I have a question about logarithmic functions. First, I am given the following function $f(x)$:
$f(x) = log_4(x)$
The question asks to apply the following series of transformations to the function $f(x)$:
Apply, to the graph of $f(x)$, a horizontal shift to move the graph left by $4$ units, then a vertical shift up by $8$ units, and lastly, a horizontal stretch by a factor of $5$, to produce the graph $p(x)$.
I did the following:
$p(x) = log_4(x) \rightarrow log_4(x+4) \rightarrow log_4(x+4)+8$
How do I apply the horizontal stretch? I know that a horizontal stretch of factor $5$
becomes must be placed into the function as a factor of $\frac15$ instead.

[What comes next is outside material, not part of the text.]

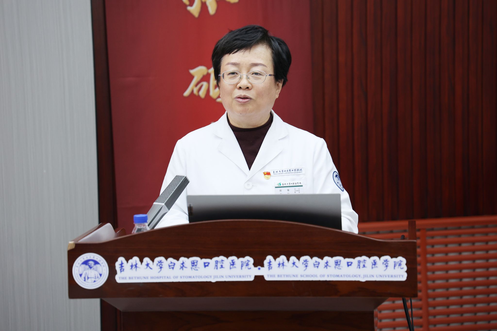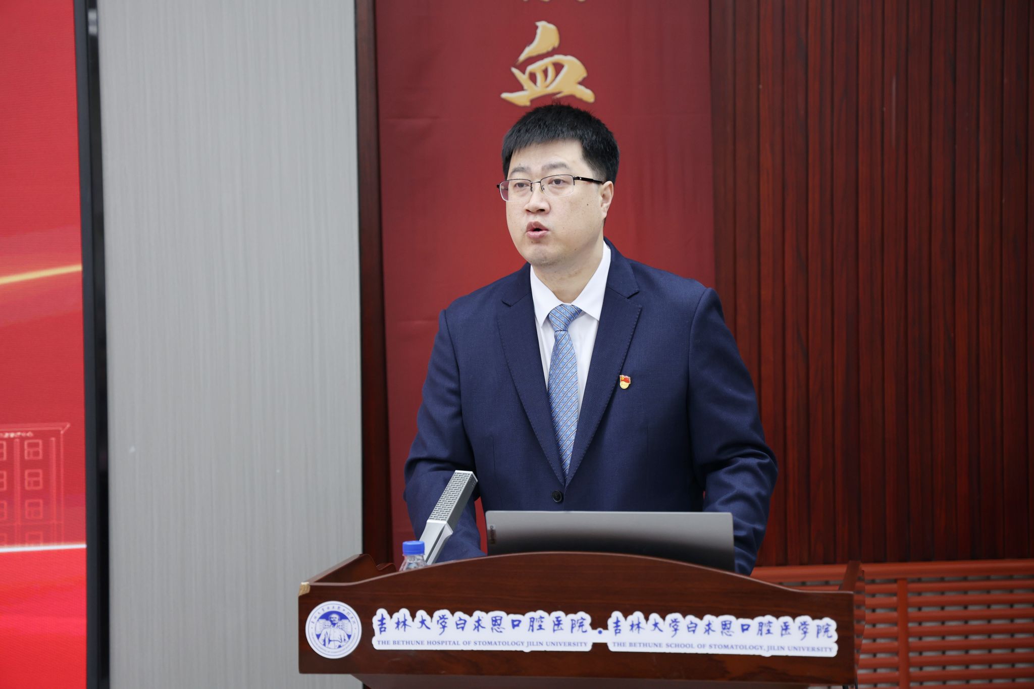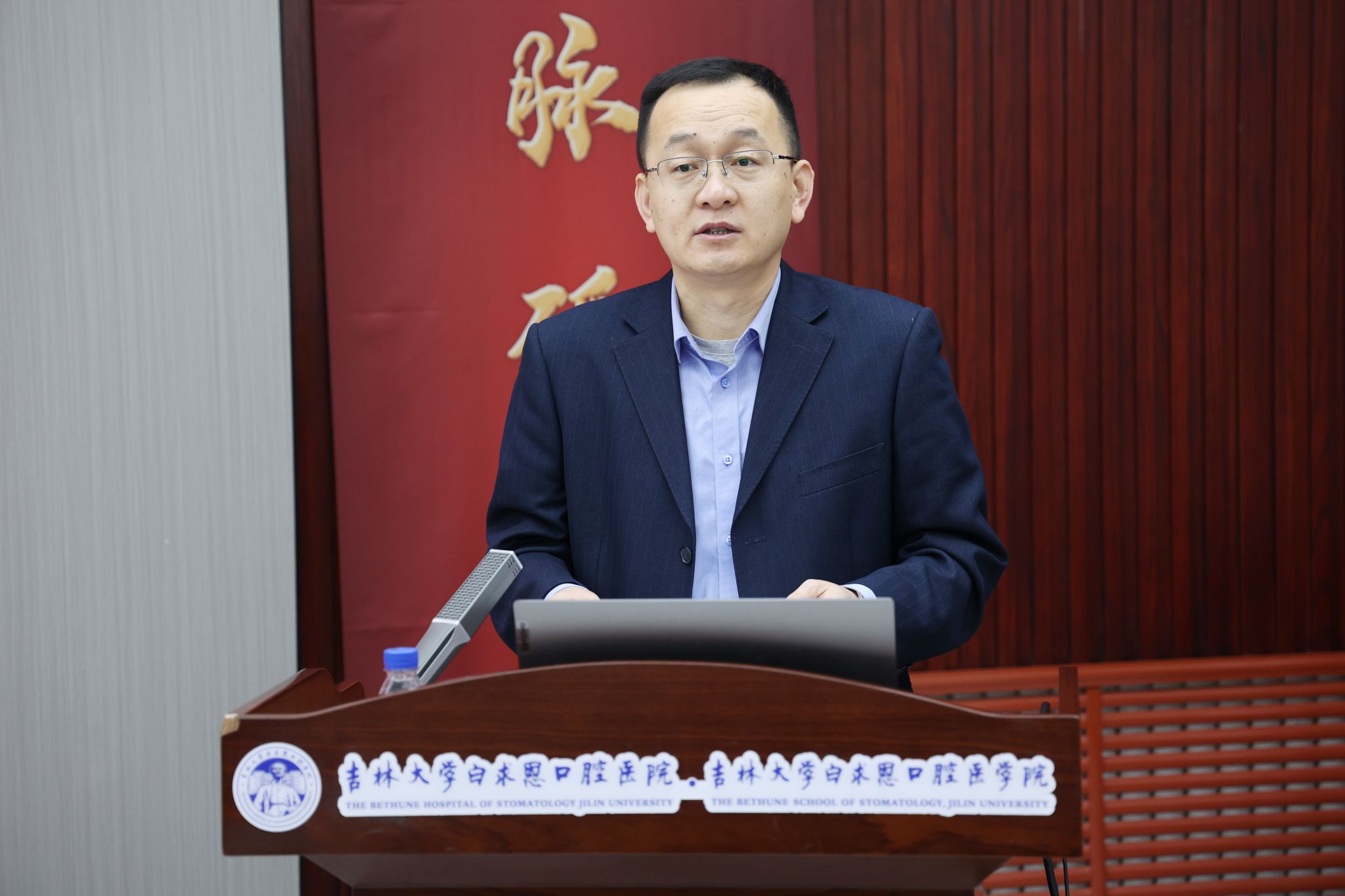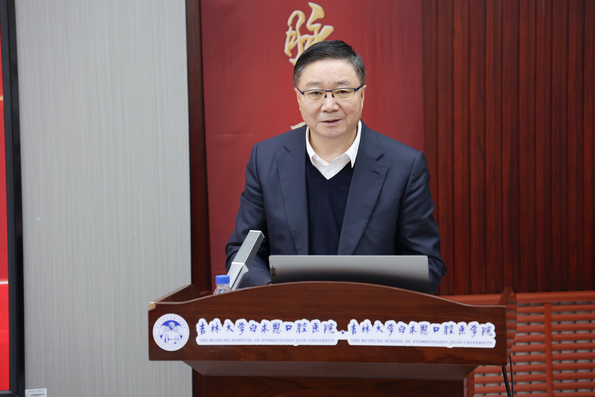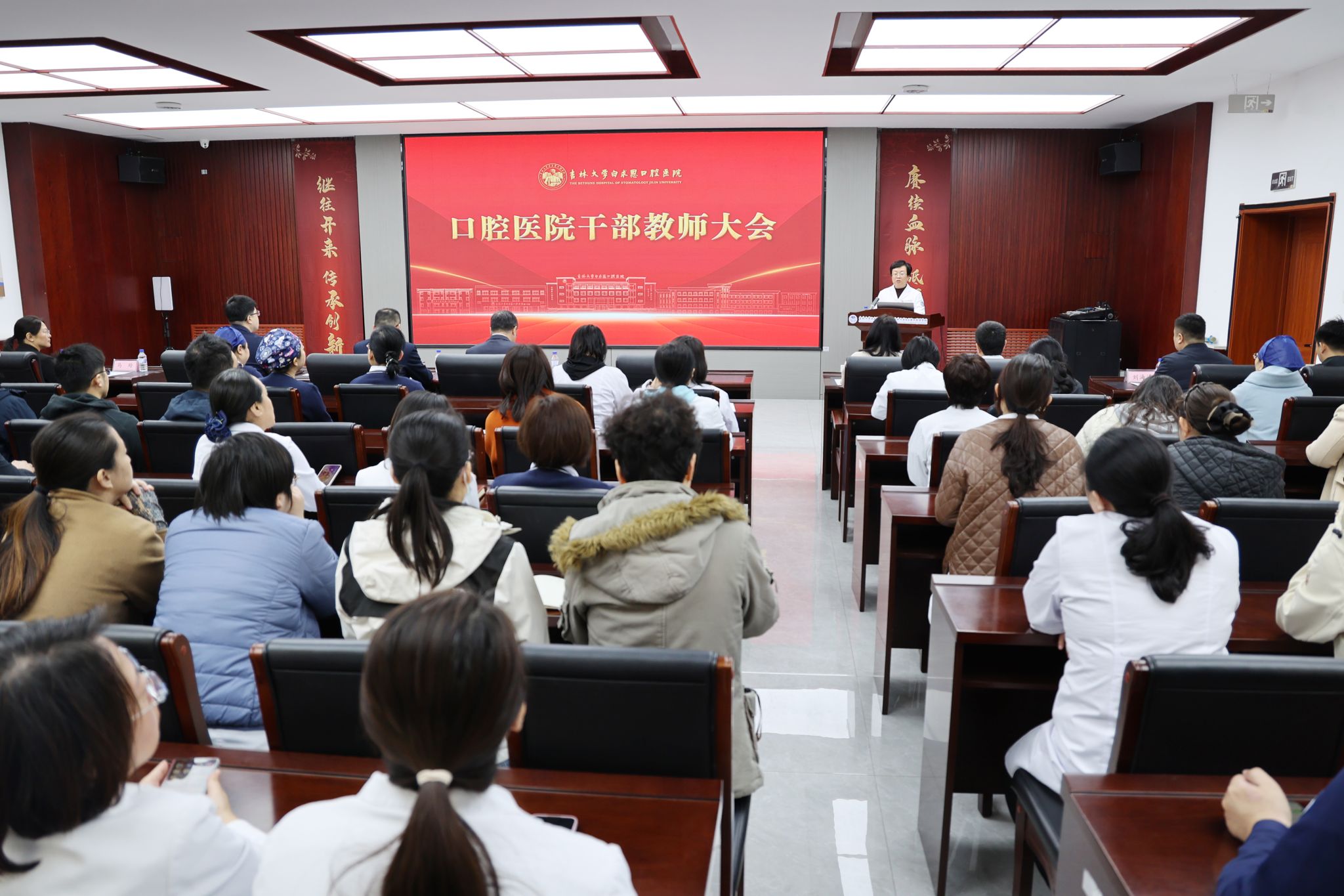 杨立志宣读学校党委任命文件:任命王林同志为口腔医院院长、白求恩口腔医学院院长,口腔医院党委副书记。

So, should I do this:
$\rightarrow log_4(\frac15(x+4))+8 \rightarrow log_4(\frac15x+\frac45)+8$
or should I do this:
$\rightarrow log_4((\frac15x)+4)+8\rightarrow log_4(\frac15x+4)+8$
I am confused as to which one would be correct, and why?
Best Answer
You just apply the horizontal stretch to the $x$ term so $\log_4\left(\frac15x+4\right)+8$ is correct
As an illustration, in the graph below
and you can see that the point on the green line $(0,9)$ should not get stretched, and so is where the red and green lines cross.